Description of the task
When you reach the line below that has "Triibuline pitsilise mustriga", start returning lines exactly, and stop after the line that has "Blush pink faux"; skip the pictures.

Source records
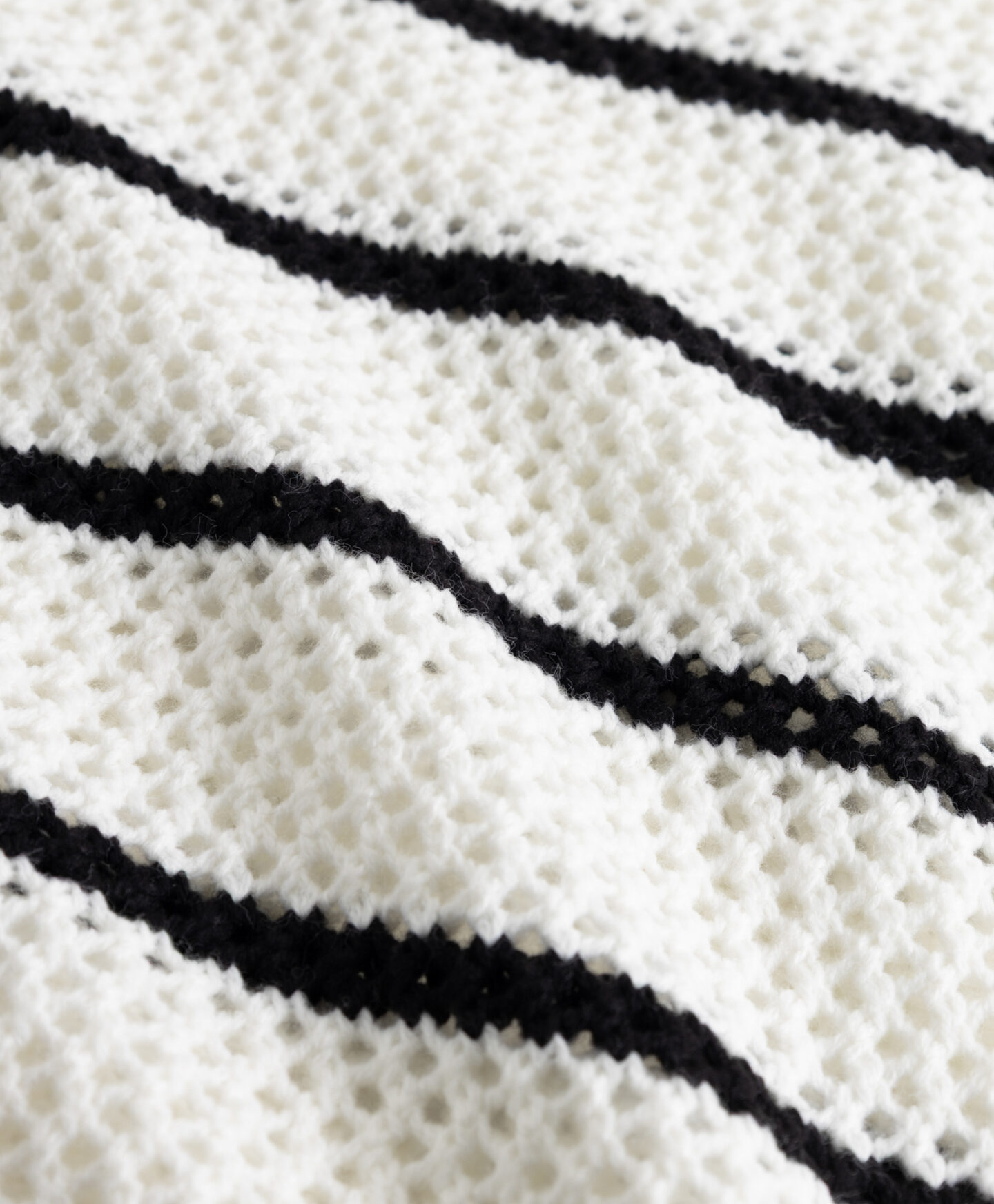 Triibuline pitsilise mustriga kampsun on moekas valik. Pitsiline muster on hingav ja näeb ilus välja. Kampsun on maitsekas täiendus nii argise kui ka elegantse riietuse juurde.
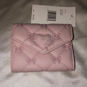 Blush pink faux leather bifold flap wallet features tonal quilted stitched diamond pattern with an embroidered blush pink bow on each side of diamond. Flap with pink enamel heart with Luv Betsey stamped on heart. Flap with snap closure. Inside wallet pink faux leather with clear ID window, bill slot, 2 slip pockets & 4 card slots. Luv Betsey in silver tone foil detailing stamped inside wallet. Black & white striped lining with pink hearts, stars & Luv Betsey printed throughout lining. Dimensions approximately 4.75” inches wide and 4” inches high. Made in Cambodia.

---

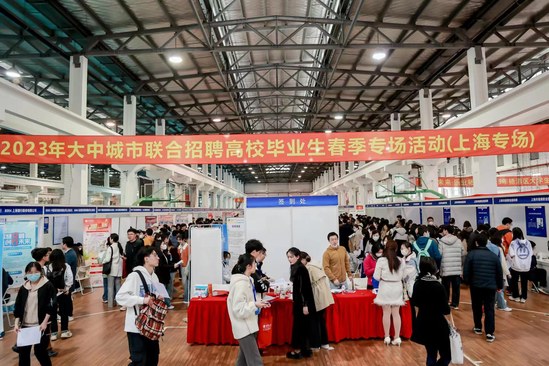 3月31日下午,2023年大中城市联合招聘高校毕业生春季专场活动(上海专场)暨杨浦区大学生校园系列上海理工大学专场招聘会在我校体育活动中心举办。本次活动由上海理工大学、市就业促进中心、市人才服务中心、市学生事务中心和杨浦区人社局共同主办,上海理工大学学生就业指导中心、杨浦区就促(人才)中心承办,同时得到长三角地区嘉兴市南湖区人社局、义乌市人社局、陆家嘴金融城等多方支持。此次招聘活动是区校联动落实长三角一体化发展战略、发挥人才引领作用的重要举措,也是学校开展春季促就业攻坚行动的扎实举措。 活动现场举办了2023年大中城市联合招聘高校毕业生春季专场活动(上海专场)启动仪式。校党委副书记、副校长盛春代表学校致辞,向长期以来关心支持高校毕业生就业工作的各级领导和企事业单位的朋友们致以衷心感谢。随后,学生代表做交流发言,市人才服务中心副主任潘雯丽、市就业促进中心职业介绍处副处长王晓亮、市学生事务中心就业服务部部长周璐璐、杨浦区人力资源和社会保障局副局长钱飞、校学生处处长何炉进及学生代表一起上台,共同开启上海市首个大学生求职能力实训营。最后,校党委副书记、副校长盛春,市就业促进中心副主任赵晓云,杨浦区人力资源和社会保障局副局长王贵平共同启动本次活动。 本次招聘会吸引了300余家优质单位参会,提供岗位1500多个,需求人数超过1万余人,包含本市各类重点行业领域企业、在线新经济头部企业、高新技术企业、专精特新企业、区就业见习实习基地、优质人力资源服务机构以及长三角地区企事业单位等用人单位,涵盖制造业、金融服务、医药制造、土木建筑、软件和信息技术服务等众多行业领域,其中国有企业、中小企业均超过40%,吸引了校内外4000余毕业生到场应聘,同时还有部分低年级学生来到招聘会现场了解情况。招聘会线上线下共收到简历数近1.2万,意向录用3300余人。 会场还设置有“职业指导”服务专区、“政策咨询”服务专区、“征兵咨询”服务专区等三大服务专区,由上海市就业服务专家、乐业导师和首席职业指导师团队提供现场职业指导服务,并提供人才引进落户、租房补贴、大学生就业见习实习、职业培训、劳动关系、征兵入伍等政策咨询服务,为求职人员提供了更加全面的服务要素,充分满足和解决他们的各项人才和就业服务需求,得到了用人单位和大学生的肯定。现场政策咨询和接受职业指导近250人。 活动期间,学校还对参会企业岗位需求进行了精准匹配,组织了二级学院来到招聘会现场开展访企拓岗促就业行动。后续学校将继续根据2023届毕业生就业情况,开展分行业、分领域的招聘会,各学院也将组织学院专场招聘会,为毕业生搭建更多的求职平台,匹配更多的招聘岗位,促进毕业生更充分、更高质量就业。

Response area
 Triibuline pitsilise mustriga kampsun on moekas valik. Pitsiline muster on hingav ja näeb ilus välja. Kampsun on maitsekas täiendus nii argise kui ka elegantse riietuse juurde.
 Blush pink faux leather bifold flap wallet features tonal quilted stitched diamond pattern with an embroidered blush pink bow on each side of diamond. Flap with pink enamel heart with Luv Betsey stamped on heart. Flap with snap closure. Inside wallet pink faux leather with clear ID window, bill slot, 2 slip pockets & 4 card slots. Luv Betsey in silver tone foil detailing stamped inside wallet. Black & white striped lining with pink hearts, stars & Luv Betsey printed throughout lining. Dimensions approximately 4.75” inches wide and 4” inches high. Made in Cambodia.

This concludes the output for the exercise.